Requirement: Lines from the one containing "İstanbul anadolu yakası" through the final line of the data, restated word for word and free of pictures, make up the whole answer.

[Saved data entries]
====

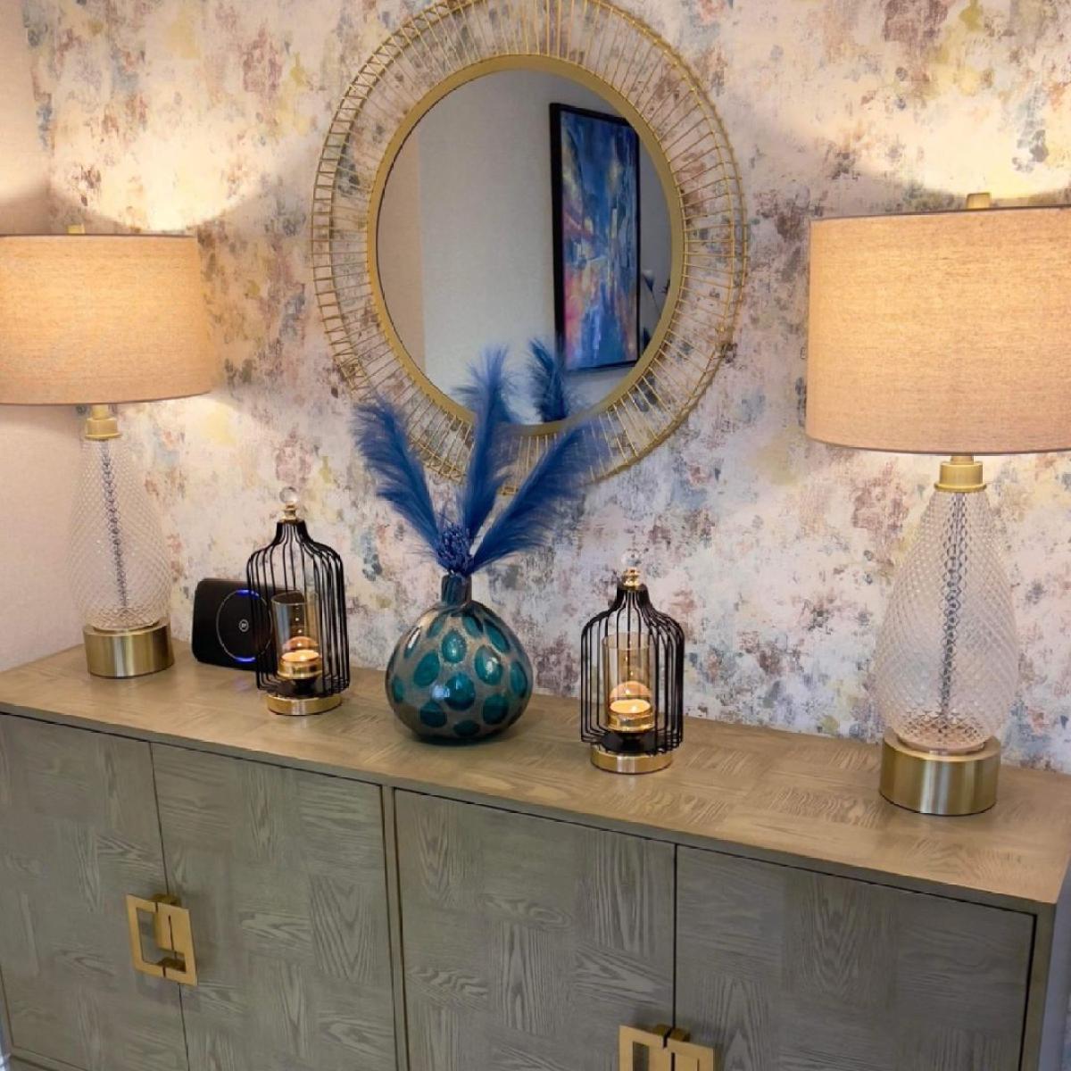 I’m a fan of this gold round mirror for its slim, sculptural frame that catches light without overwhelming a space. It works particularly well in hallways or above a console in living rooms styled with warm woods and muted tones - think Scandi schemes or relaxed mid-century interiors. To style, hang it solo over a narrow side table to create a welcoming focal point, or group it with smaller artworks and wall hooks for a gallery-style display. Its reflective surface also helps bounce daylight into darker corners, so position it opposite a window if you can. Pair with other brass or gold-tone accents - lamps, picture frames or decorative bowls - to tie the room together.
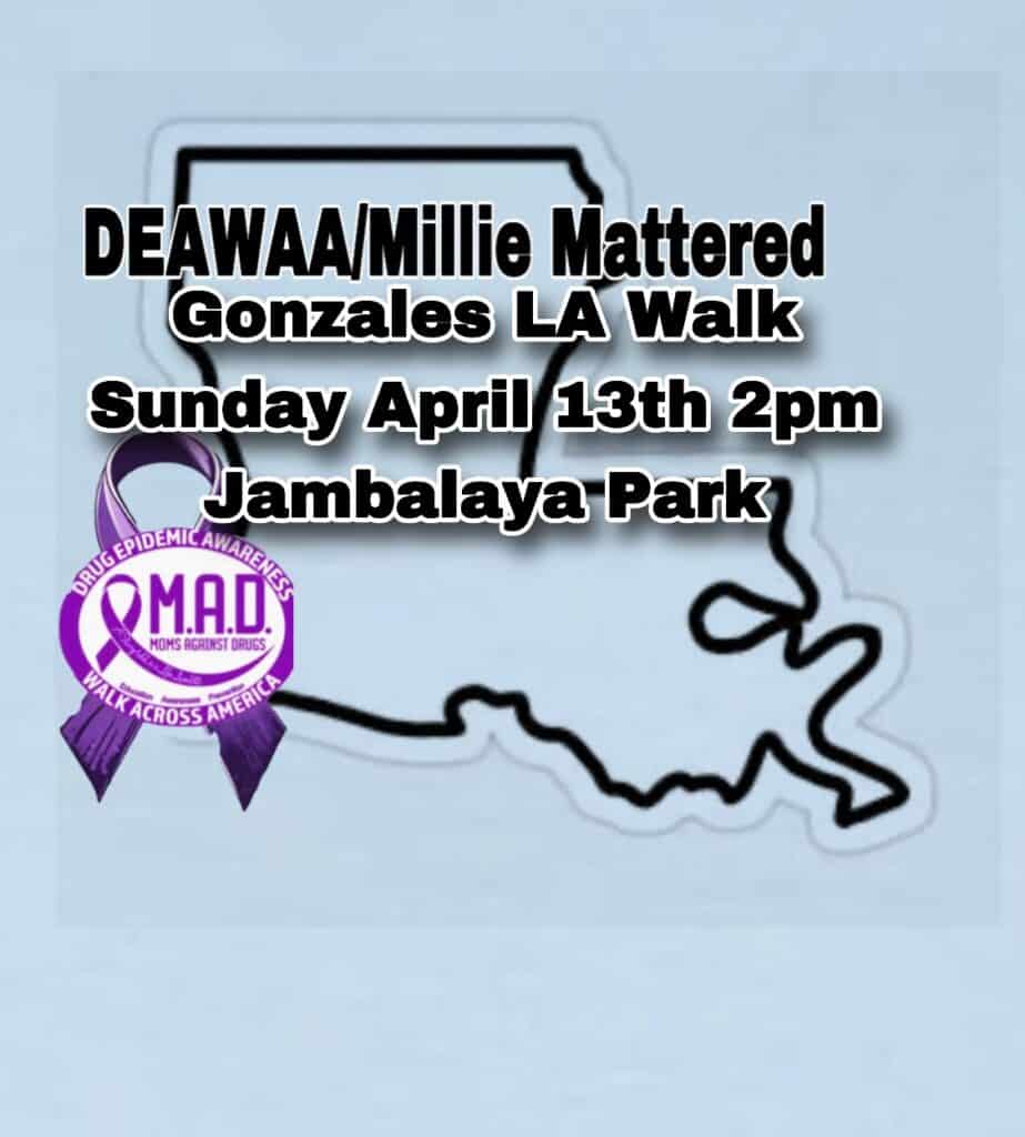 Remember those who have gone too soon due to the drug epidemic. Help us carry the banners of the faces of the Louisiana residents and the banners of “Can you see me now?” There will be free Narcan, fentanyl test strips, and free lock medical bags along with plenty of resources for drug treatment and mental health.
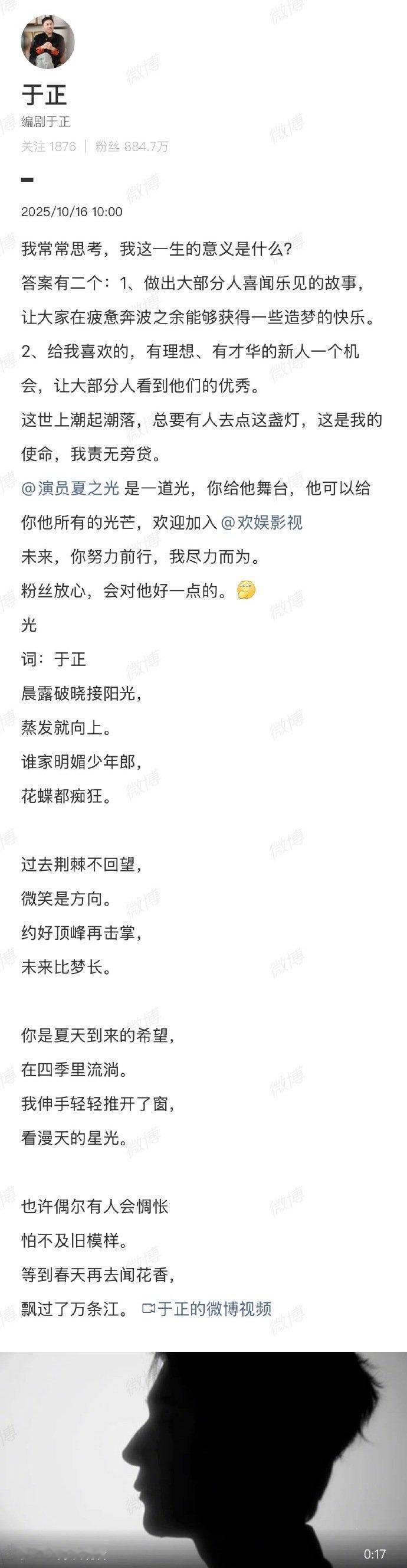 于正发文庆祝夏之光签约欢娱谁还没刷到?夏之光签约欢娱,于正还发了文,之前他的角色都很圈粉,新征程冲!于正官宣夏之光签约欢娱影视于正宣布的大事是夏之光签约欢娱
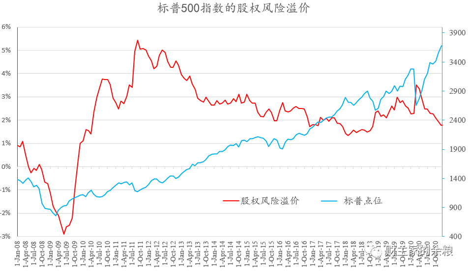 我们再来对照现实,截止12月15日:标普500指数的点位是3695点;市盈率为37.2,股权风险溢价率为1.8%。
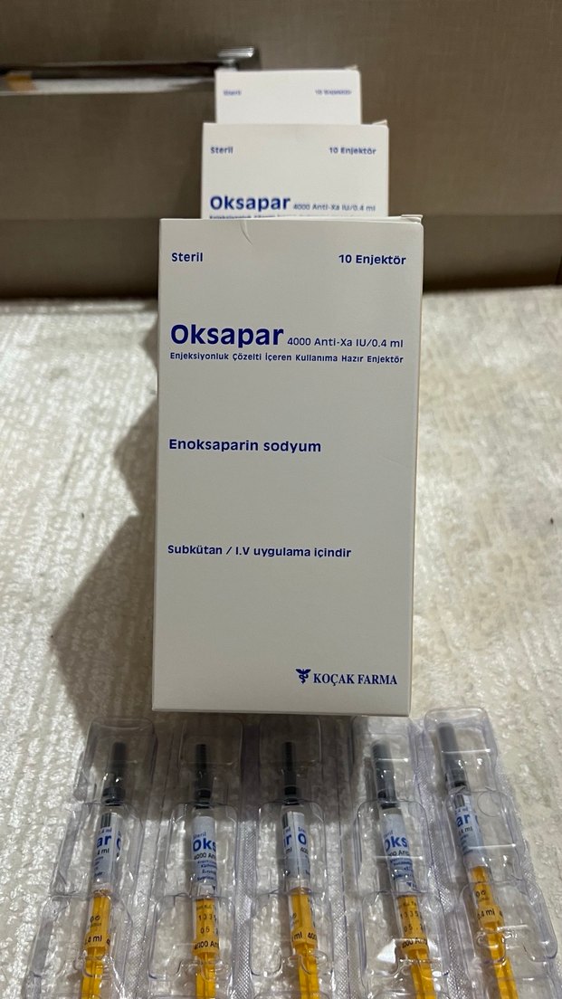 İstanbul anadolu yakası elden teslim 3 kutu full + 5 adet ( 35 adet mevcut) kullanılmamış sıfır ihtiyaç fazladı satılık.Oksapar, enoksaparin sodyum içeren, subkütan veya intravenöz kullanım için 10 adet steril hazır enjektör içerir. Her enjektör 4000 Anti-Xa IU/0.4 ml hacmindedir.
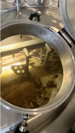 絞りかすの中にカカオ皮が混ざっている様子この後、酵母を投入し、あとは発酵・熟成を待つのみです。どんなビールになるかは、まだ想像しかありません。
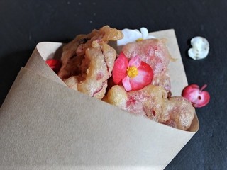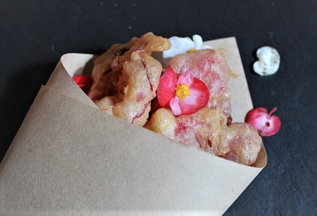La tempura di fiori di Begonia, caratterizzata dal gusto croccante ed acidulo insieme di questo fiore molto amato dagli chef
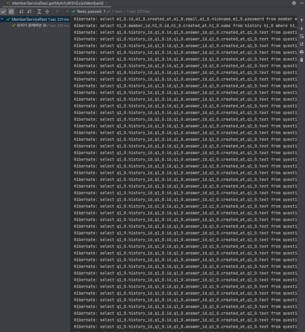 멤버의 history를 구하고 해당 history의 question을 다 구해와서 size를 별도로 구하기 때문에 history에 포함된 question을 다 구하기 위해 쿼리가 history당 1개씩 즉 해당 테스트에서는 100번이나 나간 것이었다.
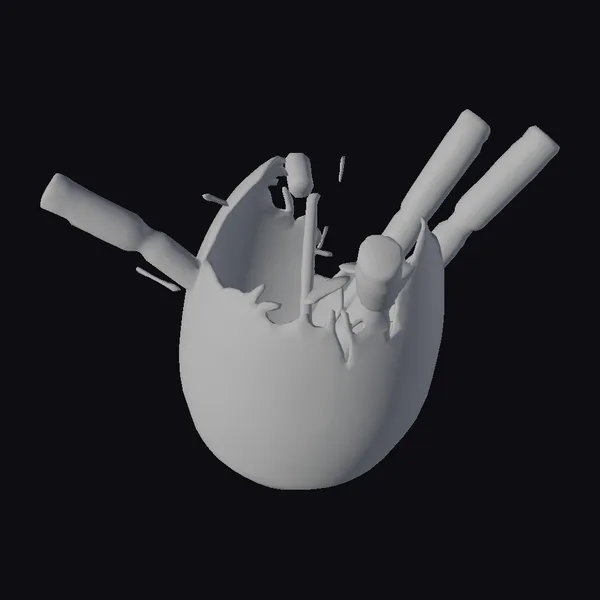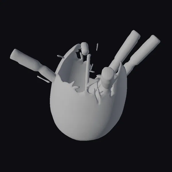 In a burst of creative energy, a stylized egg model shatters to reveal a cluster of baseball bats emerging at dynamic angles, as if propelled from within. The egg’s surface is a light beige hue with pronounced cracks and a soft, warm glow emanating from the interior, suggesting an inner light. The bats, varying in color from deep brown to vibrant orange, are captured in mid-explosion, adding a sense of movement and chaos. This model is perfect for those looking to add a touch of whimsy or fantasy to their projects, whether in games, animation, or as a decorative piece. Its stylized appearance ensures it stands out, offering a blend of humor and visual interest.
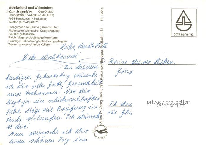 73324336 Kressbronn Bodensee Weinkellerei Weinstuben Zur Kapelle postalisch nicht gelaufen Erhaltung siehe scans [FriedD77] KatCode: 11110008435029
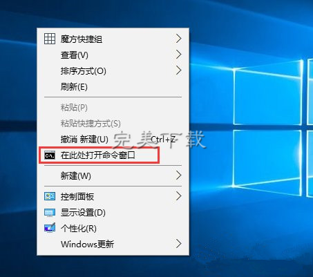 7、这样操作之后,桌面右键菜单就成功添加“在此处打开命令窗口”选项了,如下图所示。
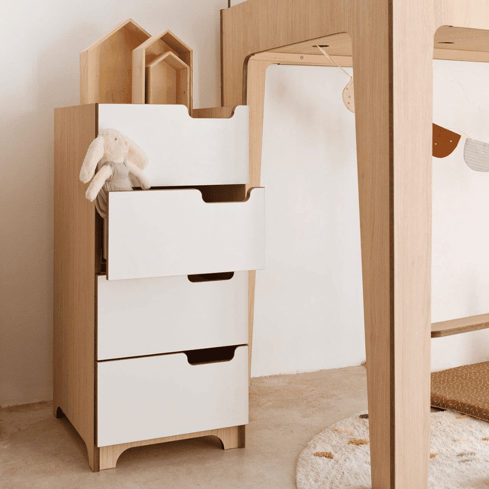 ¿Necesitas una solución de almacenamiento sencilla y efectiva para la habitación de tus hijos? Nuestra cómoda de 4 cajones es la opción perfecta para aquellos que buscan un complemento a su habitación con estilo.
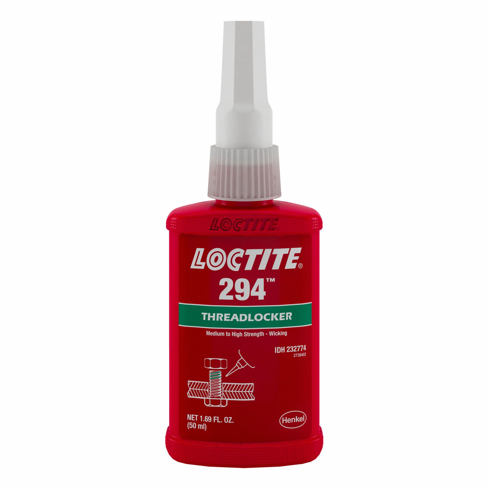 This high-strength threadlocker is red and comes in a 1.69 fluid ounce bottle. It meets the standards for ASTM D-5363, MIL-S-46163-A, UL Listed. This high-strength threadlocker has a working time of five minutes, and has a threadlocking strength of high, and is oil tolerant.
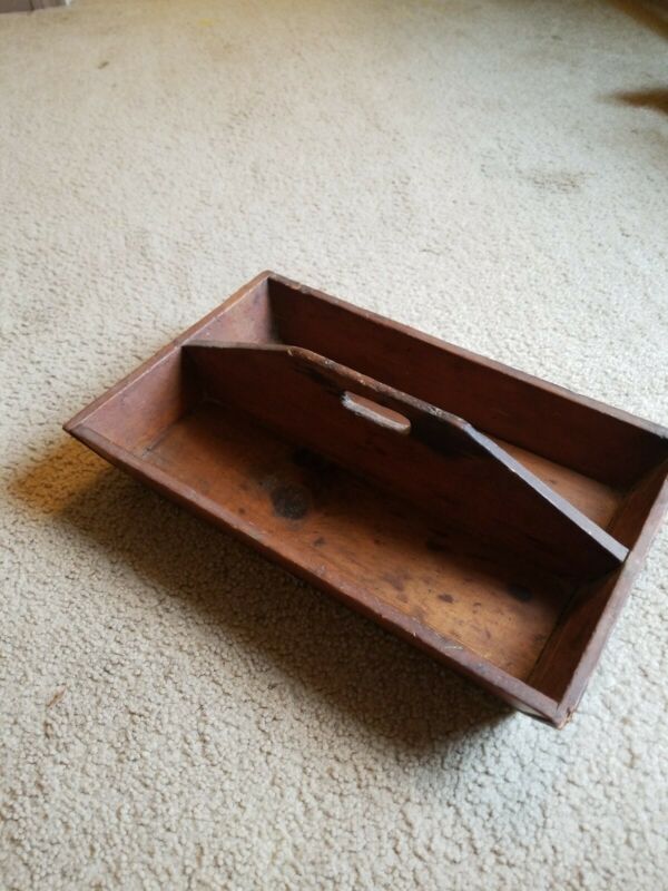 Title (ebay affiliate link): Vintage Carpenters Wooden Caddy Tool Carry Tote Tray Box Antique Handmade

====

Solution below:
 İstanbul anadolu yakası elden teslim 3 kutu full + 5 adet ( 35 adet mevcut) kullanılmamış sıfır ihtiyaç fazladı satılık.Oksapar, enoksaparin sodyum içeren, subkütan veya intravenöz kullanım için 10 adet steril hazır enjektör içerir. Her enjektör 4000 Anti-Xa IU/0.4 ml hacmindedir.
 絞りかすの中にカカオ皮が混ざっている様子この後、酵母を投入し、あとは発酵・熟成を待つのみです。どんなビールになるかは、まだ想像しかありません。
La tempura di fiori di Begonia, caratterizzata dal gusto croccante ed acidulo insieme di questo fiore molto amato dagli chef
 멤버의 history를 구하고 해당 history의 question을 다 구해와서 size를 별도로 구하기 때문에 history에 포함된 question을 다 구하기 위해 쿼리가 history당 1개씩 즉 해당 테스트에서는 100번이나 나간 것이었다.
 In a burst of creative energy, a stylized egg model shatters to reveal a cluster of baseball bats emerging at dynamic angles, as if propelled from within. The egg’s surface is a light beige hue with pronounced cracks and a soft, warm glow emanating from the interior, suggesting an inner light. The bats, varying in color from deep brown to vibrant orange, are captured in mid-explosion, adding a sense of movement and chaos. This model is perfect for those looking to add a touch of whimsy or fantasy to their projects, whether in games, animation, or as a decorative piece. Its stylized appearance ensures it stands out, offering a blend of humor and visual interest.
 73324336 Kressbronn Bodensee Weinkellerei Weinstuben Zur Kapelle postalisch nicht gelaufen Erhaltung siehe scans [FriedD77] KatCode: 11110008435029
 7、这样操作之后,桌面右键菜单就成功添加“在此处打开命令窗口”选项了,如下图所示。
 ¿Necesitas una solución de almacenamiento sencilla y efectiva para la habitación de tus hijos? Nuestra cómoda de 4 cajones es la opción perfecta para aquellos que buscan un complemento a su habitación con estilo.
 This high-strength threadlocker is red and comes in a 1.69 fluid ounce bottle. It meets the standards for ASTM D-5363, MIL-S-46163-A, UL Listed. This high-strength threadlocker has a working time of five minutes, and has a threadlocking strength of high, and is oil tolerant.
 Title (ebay affiliate link): Vintage Carpenters Wooden Caddy Tool Carry Tote Tray Box Antique Handmade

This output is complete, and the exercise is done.